* Exercise objective: Give the lines below again, exactly as they stand, and leave out the images.

* Dataset content:

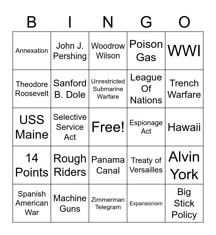 This bingo card has a free space and 29 words: Spanish American War, Archduke Franz Ferdinand, Selective Service Act, American Expeditionary Forces, Annexation, Woodrow Wilson, Sanford B. Dole, Rough Riders, Espionage Act, Machine Guns, Hawaii, Big Stick Policy, Zimmerman Telegram, Expansionism, Trench Warfare, Puerto Rico, Panama Canal, 14 Points, WWI, USS Maine, Treaty of Versailles, Lusitania, League Of Nations, Theodore Roosevelt, Poison Gas, John J. Pershing, Alvin York, Unrestricted Submarine Warfare and Philippines.
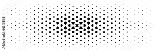 horizontal halftone of black six angles star spread from center for pattern and background.
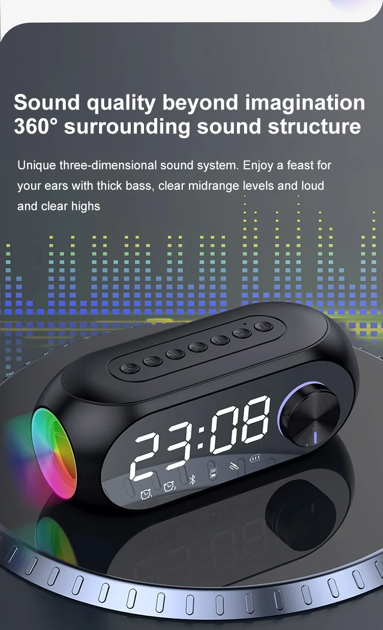 - > Despertador rádio fm bluetooth alto-falante portátil subwoofer caixa de som ca
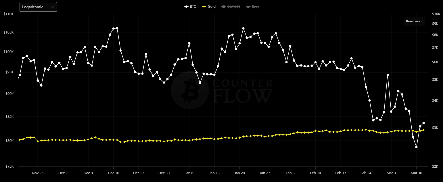 График цен на Биткоин (белый) и золото (жёлтый) с 1 декабря по 13 марта. Источник: Bitcoin Counter Flow

* Expected answer:
 This bingo card has a free space and 29 words: Spanish American War, Archduke Franz Ferdinand, Selective Service Act, American Expeditionary Forces, Annexation, Woodrow Wilson, Sanford B. Dole, Rough Riders, Espionage Act, Machine Guns, Hawaii, Big Stick Policy, Zimmerman Telegram, Expansionism, Trench Warfare, Puerto Rico, Panama Canal, 14 Points, WWI, USS Maine, Treaty of Versailles, Lusitania, League Of Nations, Theodore Roosevelt, Poison Gas, John J. Pershing, Alvin York, Unrestricted Submarine Warfare and Philippines.
 horizontal halftone of black six angles star spread from center for pattern and background.
 - > Despertador rádio fm bluetooth alto-falante portátil subwoofer caixa de som ca
 График цен на Биткоин (белый) и золото (жёлтый) с 1 декабря по 13 марта. Источник: Bitcoin Counter Flow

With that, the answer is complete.